Advanced Television

Japan’s “likely” recession will hit CE

March 22, 2011

By Chris Forrester

The Japanese earthquake and tsunami will “likely” push Japan into a “short and deep recession” affecting some Consumer Electronics sectors, according to a major report from investment bankers Morgan Stanley. The bank says Japan’s GDP will shrink by 1-3 per cent this year.

Morgan Stanley says that prior to the Japanese catastrophes the world was displaying “significant momentum and breadth with emerging markets motoring ahead nicely.” But life for many is now much more uncertain with supply chain disruptions perhaps causing more harm.

Specifically, the bank looks at Japan’s key business sectors. The report does not see too many problems in regards to telephony/communications handsets. Shipped stocks are good, with Ericsson (for example) having 69 days of inventory in its warehouses while Cisco has 37 days of stocks.
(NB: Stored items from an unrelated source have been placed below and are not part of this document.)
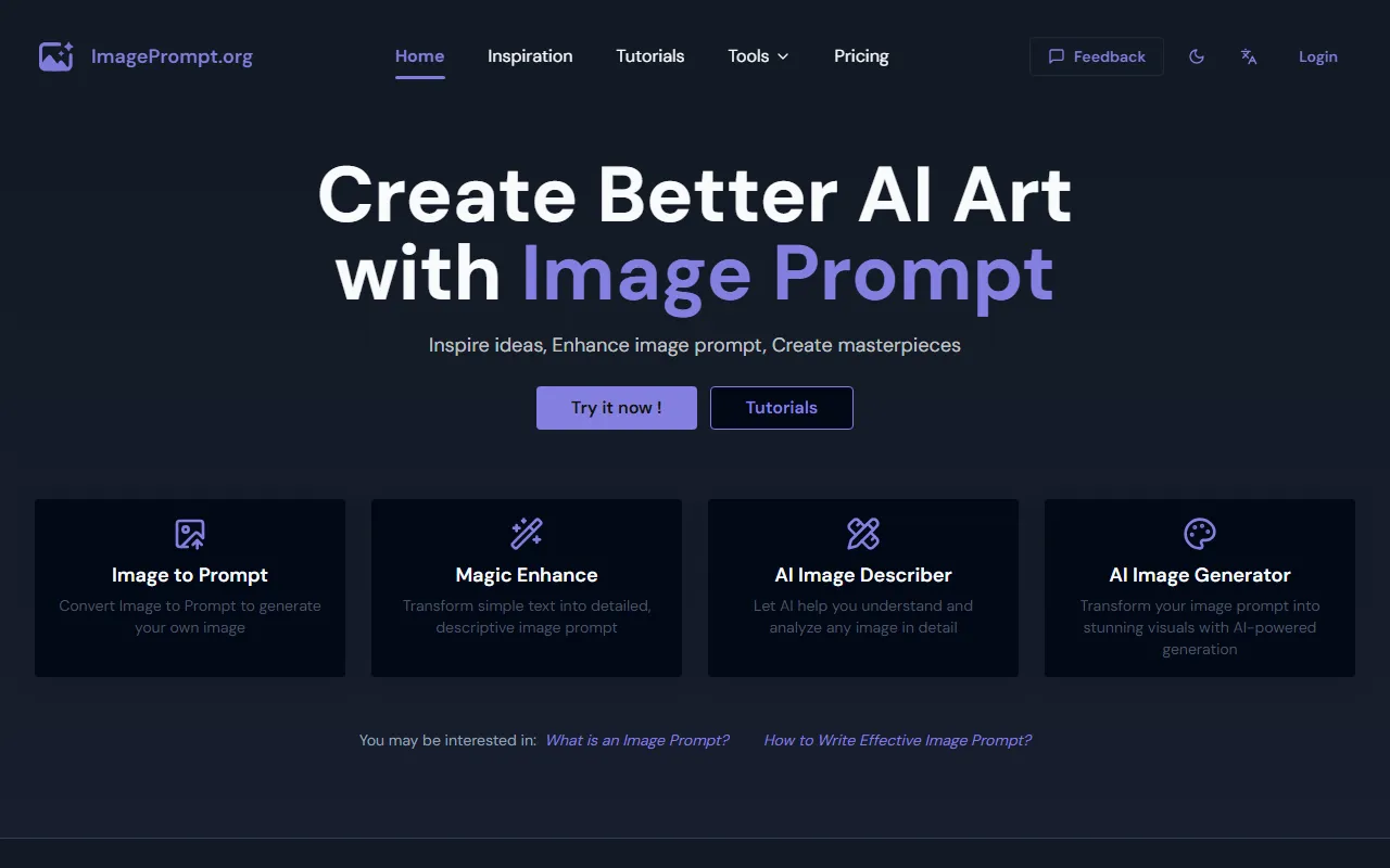 - Art inspiration: Image Prompt includes a dedicated art inspiration engine that processes your inputs intelligently. The system learns from each interaction, delivering increasingly personalized and accurate results the more you use it.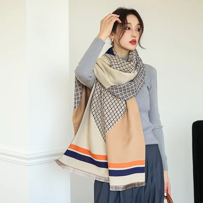 Новинка, Женский кашемировый шарф в литературном стиле, зимнее теплое толстое одеяло, натуральная длинная Двусторонняя шаль из пашмины, стандартный шарф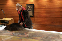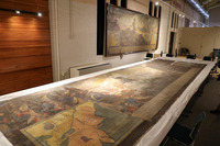 The painting, "Benedict Arnold triumphant at Saratoga", was unrolled in the museum's meeting room so that John Lippert, a partner in the firm of Foreground Conservation & Decorative Arts, a Livingston company that specializes in restoring artwork, could examine it.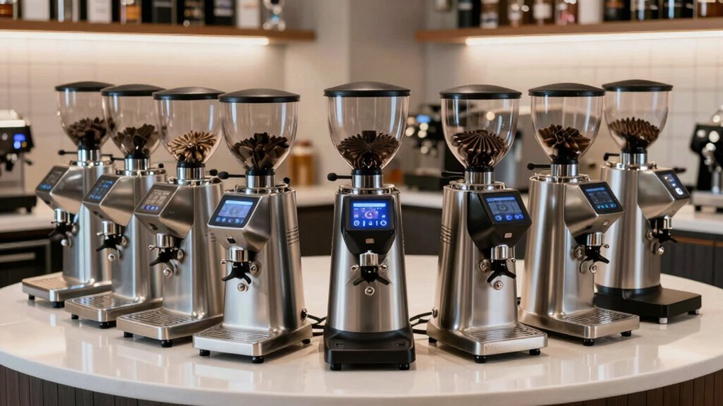 If you’re looking for the 15 best commercial espresso grinders for 2026, I’ve found some top options that deliver precise grind control, durability, and efficiency for high-volume use. From models with large burrs to advanced digital interfaces, these grinders help guarantee consistently excellent shots. Whether you run a busy café or an office, selecting the right equipment can make all the difference. Keep exploring, and you’ll discover insights to help you choose the perfect grinder for your needs.

It is in the world of Semiconductors that there are real risks, says the bank, given that one particular factory (Shin-Etsu Handotai) supplies some 15-20 per cent of the world’s supply. “The recent capacity tightness has led the supply chain, including semiconductor companies, to build excess inventories. Consequently, we believe the long-term risk is limited as inventories give the supply chain time to find alternative sources, or local suppliers time to restart or shift production. In the intermediate term, we believe that there is risk for some wafer tightness,” says Morgan Stanley.